Luciano, por su parte, cambió con el conde un saludo de conocido a medias, y con Danglars un ademán de intimidad.
—Señora baronesa —dijo Danglars—, permitid que os presente al señor conde de Montecristo —dijo Danglars— dirigido a mí por uno de mis corresponsales de Roma con las mayores recomendaciones. Sólo una palabra tengo que decir: acaba de llegar a París con la intención de permanecer aquí un año, y de gastarse seis millones. Esto promete una serie de bailes y de comidas, en las cuales espero que el señor conde no nos olvidará, como tampoco nosotros le olvidaremos en nuestras pequeñas fiestas.

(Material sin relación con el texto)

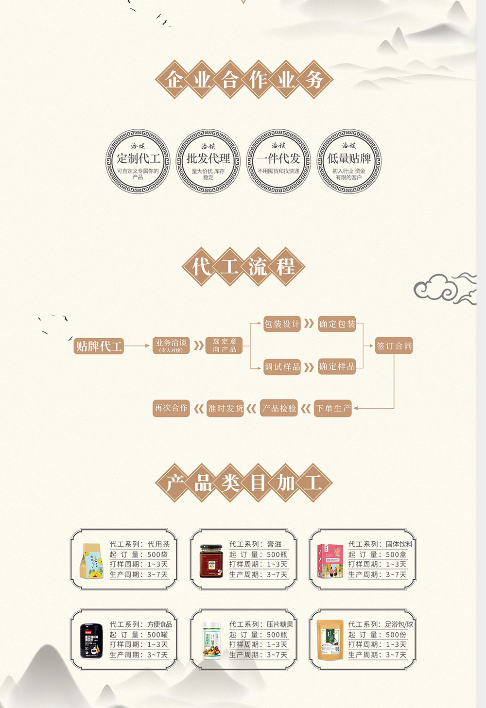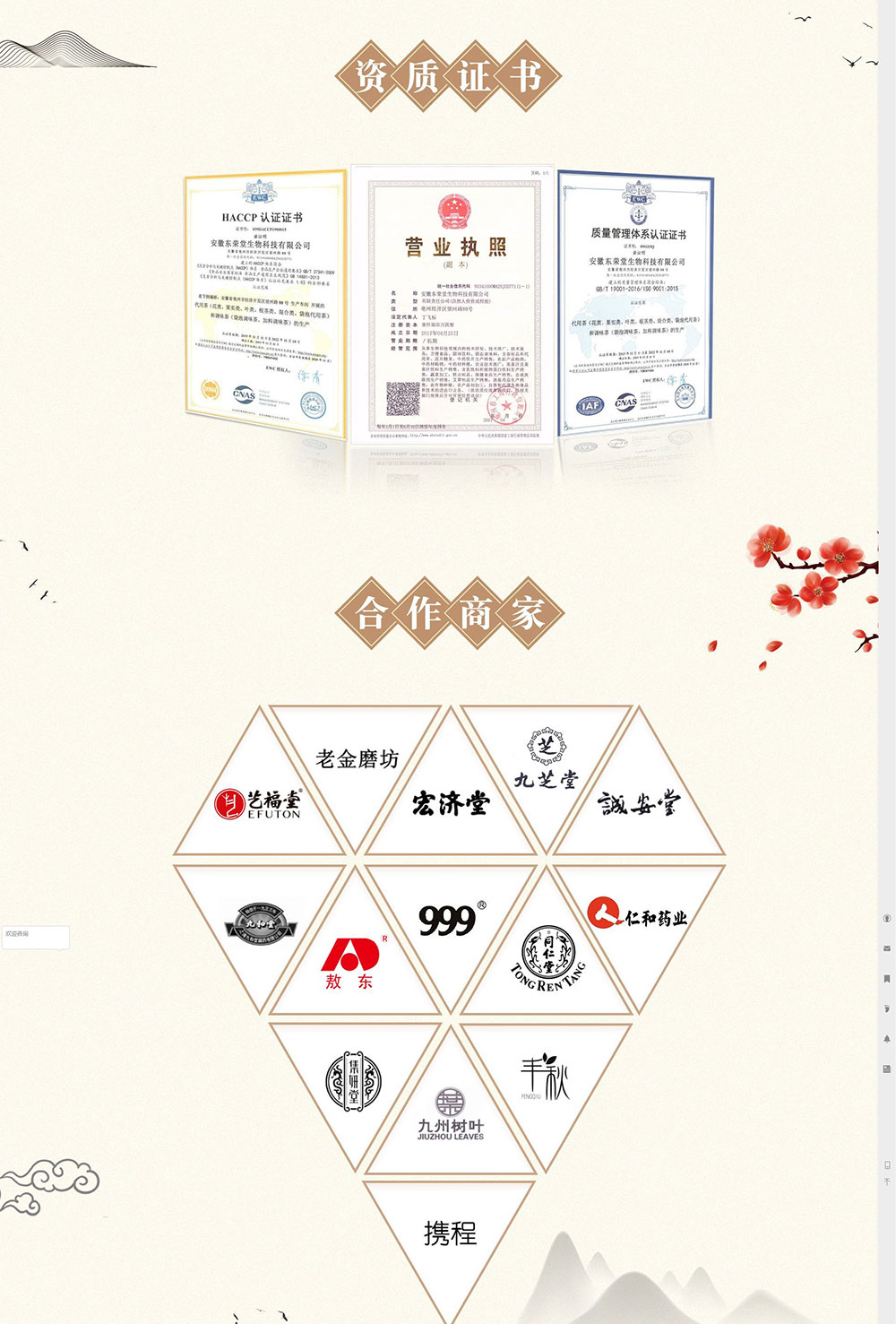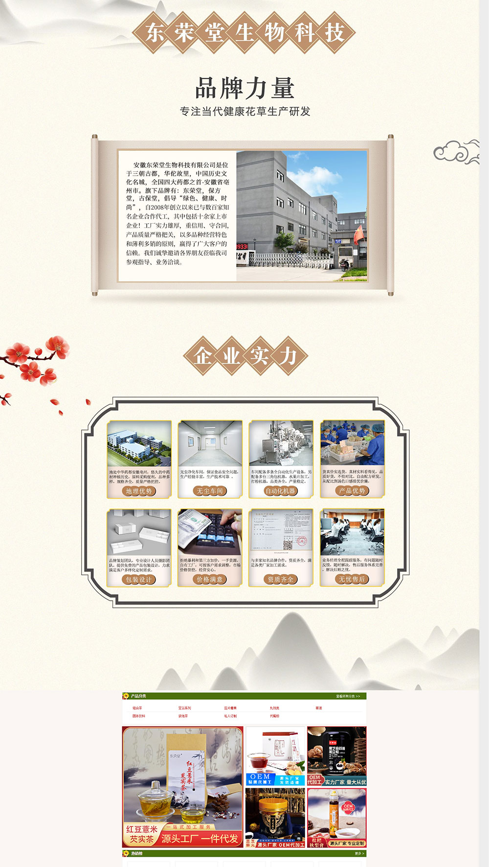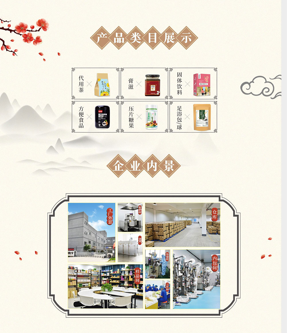 安徽東榮堂生物科技有限公司簡稱(東榮堂)成立于2017年,注冊資金1700萬,坐落于全國四大藥材之鄉的安徽亳州。自建廠房面積35000平方,斥資1.5億元;現有質量檢測人員15人,技術人員50人,工人500人,具有先進工藝生產流水線80條,年生產能力2億5千萬件;所產產品銷往全國各地,與各大上市公司長期合作;主營業務包含養生花茶、固體飲料、代餐粉、膏滋類、壓片糖果等養生產品,集產品設計、研發和生產于一體的專業代加工工廠;榮獲ISO9001質量體系認證、HACCP食品管理體系認證等。 我們的經營理念是:誠信為本,堅持一流管理,生產一流產品,提供一流服務!

Aunque la presentación fuese hecha con bastante grosería, es tan raro que un hombre venga a gastarse a París en un año la fortuna de un príncipe, que la señora Danglars lanzó al conde una ojeada que no dejaba de expresar cierto interés.
—¿Y habéis llegado, caballero…? —preguntó la baronesa.
—Ayer por la mañana, señora.
—Y venís, según costumbre, del fin del mundo.
—Solamente de Cádiz, señora.
—¡Oh!, venís en una estación espantosa. París está detestable en verano. No hay baffles, ni reuniones, ni fiestas. La ópera italiana está en Londres, la ópera francesa en todas partes, excepto en París, y en cuanto al teatro francés, en ninguna. No nos queda para distraemos más que algunas desgraciadas carreras en el campo de Marte y en Satory. ¿Haréis comer, señor conde?
—Yo, señora —dijo el conde—, haré todo lo que se haga en Paris, si tengo la dicha de encontrar a alguien que me enseñe las costumbres francesas.
—¿Os gustan los caballos, señor conde?
—He pasado una parte de mi vida en Oriente, señora, y los orientales, bien lo sabéis, no aprecian más que dos cosas en el mundo: la nobleza de los caballos y la hermosura de las mujeres.
—¡Ah!, señor conde —dijo la baronesa sonriéndose—, hubierais debido anteponer las mujeres a los caballos.
—Ya veis, señora, que tenía mucha razón cuando os dije hace un momento que deseaba un preceptor, un amigo, que me pudiese instruir en las costumbres francesas.
En aquel momento entró la camarera favorita de la señora Danglars, y acercándose a su señora, le dijo algunas palabras al oído.
La señora Danglars palideció.
—¡Imposible! —dijo.
—Es la pura verdad, señora —respondió la camarera—, podéis creerme con toda seguridad.
La señora Danglars se volvió hacia su marido.
—¿Es cierto, caballero? —le preguntó.
—¿Qué, señora? —preguntó Danglars, visiblemente agitado.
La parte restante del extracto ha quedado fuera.